- [TRY IT]: Look for "partir" in each line of the records, and copy the lines that have it.
-- DATA follows --
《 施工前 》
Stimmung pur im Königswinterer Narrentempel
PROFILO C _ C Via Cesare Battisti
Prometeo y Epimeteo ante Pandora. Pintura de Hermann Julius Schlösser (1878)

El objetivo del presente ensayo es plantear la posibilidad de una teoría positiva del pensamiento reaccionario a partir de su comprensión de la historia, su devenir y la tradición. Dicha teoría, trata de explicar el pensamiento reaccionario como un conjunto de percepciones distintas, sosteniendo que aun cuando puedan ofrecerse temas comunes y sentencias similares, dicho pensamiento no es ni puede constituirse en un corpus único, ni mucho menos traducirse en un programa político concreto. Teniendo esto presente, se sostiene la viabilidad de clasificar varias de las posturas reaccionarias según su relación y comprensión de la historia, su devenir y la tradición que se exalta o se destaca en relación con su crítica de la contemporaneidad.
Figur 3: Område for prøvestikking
-- DATA concluded --
-- DATA follows --
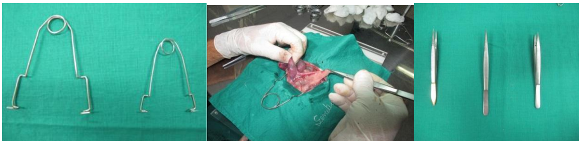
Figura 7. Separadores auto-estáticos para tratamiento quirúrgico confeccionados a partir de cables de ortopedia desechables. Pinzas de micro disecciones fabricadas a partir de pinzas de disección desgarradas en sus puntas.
-- DATA concluded --
-- DATA follows --
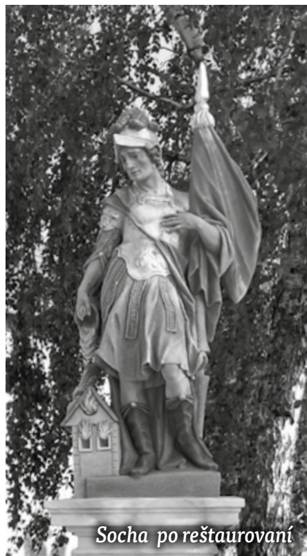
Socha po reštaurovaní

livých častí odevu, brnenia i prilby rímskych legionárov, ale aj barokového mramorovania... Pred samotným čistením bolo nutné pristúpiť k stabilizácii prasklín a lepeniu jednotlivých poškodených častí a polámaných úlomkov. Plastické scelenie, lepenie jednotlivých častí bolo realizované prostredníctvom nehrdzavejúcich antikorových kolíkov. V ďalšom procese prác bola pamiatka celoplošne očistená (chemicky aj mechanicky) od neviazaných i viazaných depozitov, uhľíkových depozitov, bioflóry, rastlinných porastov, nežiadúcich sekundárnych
-- DATA concluded --
- [RESULT FOR THIS EXERCISE]:
El objetivo del presente ensayo es plantear la posibilidad de una teoría positiva del pensamiento reaccionario a partir de su comprensión de la historia, su devenir y la tradición. Dicha teoría, trata de explicar el pensamiento reaccionario como un conjunto de percepciones distintas, sosteniendo que aun cuando puedan ofrecerse temas comunes y sentencias similares, dicho pensamiento no es ni puede constituirse en un corpus único, ni mucho menos traducirse en un programa político concreto. Teniendo esto presente, se sostiene la viabilidad de clasificar varias de las posturas reaccionarias según su relación y comprensión de la historia, su devenir y la tradición que se exalta o se destaca en relación con su crítica de la contemporaneidad.
Figura 7. Separadores auto-estáticos para tratamiento quirúrgico confeccionados a partir de cables de ortopedia desechables. Pinzas de micro disecciones fabricadas a partir de pinzas de disección desgarradas en sus puntas.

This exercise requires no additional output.